Einde inhoudsopgave
Verordening (EG) Nr. 1901/2006 betreffende geneesmiddelen voor pediatrisch gebruik en tot wijziging van Verordening (EEG) nr. 1768/92, Richtlijn 2001/20/EG, Richtlijn 2001/83/EG en Verordening (EG) nr. 726/2004
Artikel 34
Geldend
Geldend vanaf 26-01-2007
- Bronpublicatie:
12-12-2006, PbEU 2006, L 378 (uitgifte: 01-01-2006, regelingnummer: 1901/2006)
- Inwerkingtreding
26-01-2007
- Bronpublicatie inwerkingtreding:
12-12-2006, PbEU 2006, L 378 (uitgifte: 01-01-2006, regelingnummer: 1901/2006)
- Vakgebied(en)
Gezondheidsrecht / Voedsel- en warenkwaliteit
1.
In de volgende gevallen specificeert de aanvrager de follow-upmaatregelen om te waarborgen dat toezicht wordt gehouden op de werkzaamheid en de mogelijke bijwerkingen van het pediatrische gebruik van het geneesmiddel:
- a)
in aanvragen voor een vergunning voor het in de handel brengen die een pediatrische indicatie omvat;
- b)
in aanvragen tot opname van een pediatrische indicatie in een bestaande vergunning voor het in de handel brengen;
- c)
in aanvragen voor een vergunning voor het in de handel brengen voor pediatrisch gebruik.
2.
Indien er bijzondere reden tot zorg is, dient de bevoegde autoriteit als voorwaarde voor de verlening van de vergunning voor het in de handel brengen de eis te stellen dat een risicobeheerssysteem wordt opgezet of dat na het in de handel brengen specifiek onderzoek wordt uitgevoerd en ter beoordeling wordt ingediend.

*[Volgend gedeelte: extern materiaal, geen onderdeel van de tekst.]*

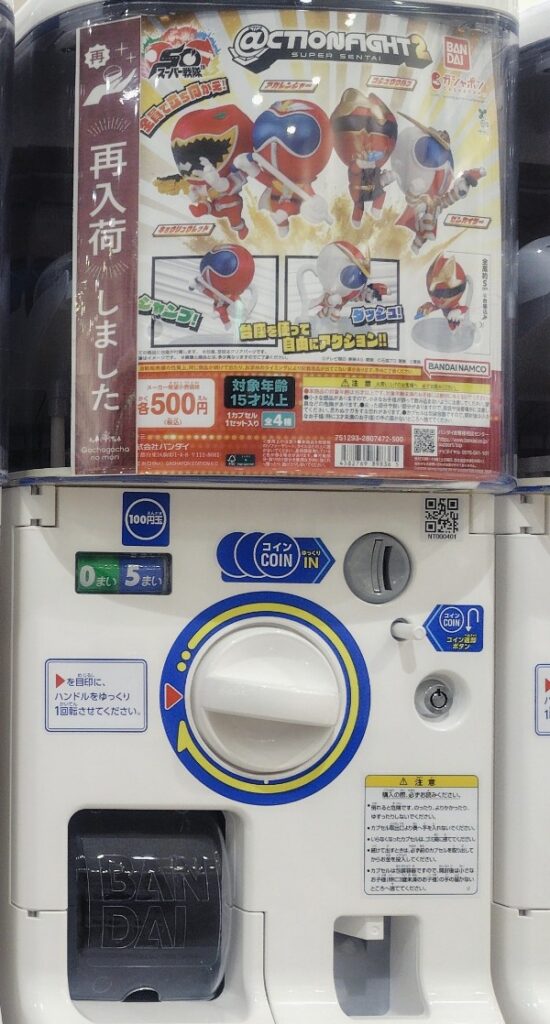 @CTION FIGHT(アクションファイト) スーパー戦隊シリーズ2の価格は各500円(税込)で、全国のガシャポンやガチャガチャなどで手に入れることができます。

Het risicobeheerssysteem omvat een reeks activiteiten en maatregelen inzake geneesmiddelenbewaking, bedoeld om de risico's van geneesmiddelen te identificeren, te karakteriseren, te vermijden of tot een minimum te beperken, met inbegrip van de beoordeling van de doeltreffendheid van die maatregelen.
Een beoordeling van de doeltreffendheid van het eventuele risicobeheerssysteem en van de resultaten van de eventueel uitgevoerde onderzoeken wordt opgenomen in de periodieke veiligheidsverslagen, als bedoeld in artikel 104, lid 6, van Richtlijn 2001/83/EG en artikel 24, lid 3, van Verordening (EG) nr. 726/2004.
De bevoegde autoriteit kan bovendien verlangen dat aanvullende verslagen worden ingediend waarin de doeltreffendheid van een eventueel risicominimaliseringssysteem en de resultaten van de eventueel uitgevoerde onderzoeken worden geëvalueerd.
3.
Naast de leden 1 en 2 zijn ook de voorschriften inzake geneesmiddelenbewaking van Verordening (EG) nr. 726/2004 en Richtlijn 2001/83/EG van toepassing op de vergunningen voor het in de handel brengen van geneesmiddelen met een pediatrische indicatie.
4.
In het geval van een opschorting dient de houder van de vergunning voor het in de handel brengen jaarlijks een verslag bij het bureau in waarin de vorderingen van het pediatrisch onderzoek overeenkomstig het besluit van het bureau tot goedkeuring van het plan voor pediatrisch onderzoek en tot verlening van de opschorting worden vermeld.
Het bureau stelt de bevoegde autoriteit in kennis indien blijkt dat de houder van de vergunning voor het in de handel brengen niet heeft voldaan aan het besluit van het bureau tot goedkeuring van het plan voor pediatrisch onderzoek en tot verlening van een opschorting.
5.
Het bureau stelt richtsnoeren op voor de toepassing van dit artikel.